Python usage numbers

Chris Angelico rosuav at
Mon Feb 13 01:59:57 CET 2012

On Mon, Feb 13, 2012 at 11:03 AM, Dave Angel <d at> wrote:
> On 02/12/2012 06:29 PM, Steven D'Aprano wrote:
>> I think you mean 4 times as many bytes as characters. Unless you have 32
>> bit bytes :)
> Until you have 32 bit bytes, you'll continue to have encodings, even if only
> a couple of them.

The advantage, though, is that you can always know how many bytes to
read for X characters. In ASCII, you allocate 80 bytes of storage and
you can store 80 characters. In UTF-8, if you want an 80-character
buffer, you can probably get away with allocating 240 characters...
but maybe not. In UTF-32, it's easy - just allocate 320 bytes and you
know you can store them. Also, you know exactly where the 17th
character is; in UTF-8, you have to count.

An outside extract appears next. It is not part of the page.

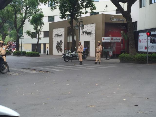 Quanh Hồ Gươm, vườn hoa Lý Thái Tổ, Nhà hát lớn…, là hàng ngàn an ninh và dân phòng chìm nổi, dùi cui trên tay. Đường vào Nhà hát lớn bị chặn.
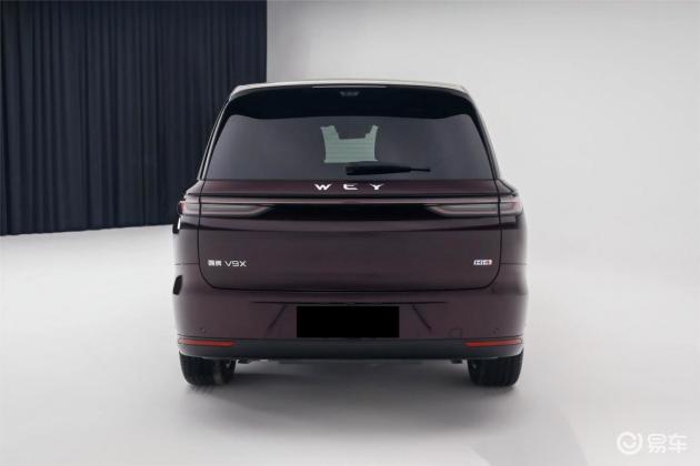 车尾部分,魏牌V9X配备了宽大的后挡风玻璃和小雨刷,尾灯两端内扣包围中间的小蓝灯,显得十分醒目。尾门和后包围设计简约,线条和装饰较为简洁。

That's a huge advantage for
in-memory strings; but is it useful on disk, where (as likely as not)
you're actually looking for lines, which you still have to scan for?
I'm thinking not, so it makes sense to use a smaller disk image than
UTF-32 - less total bytes means less sectors to read/write, which
translates fairly directly into performance.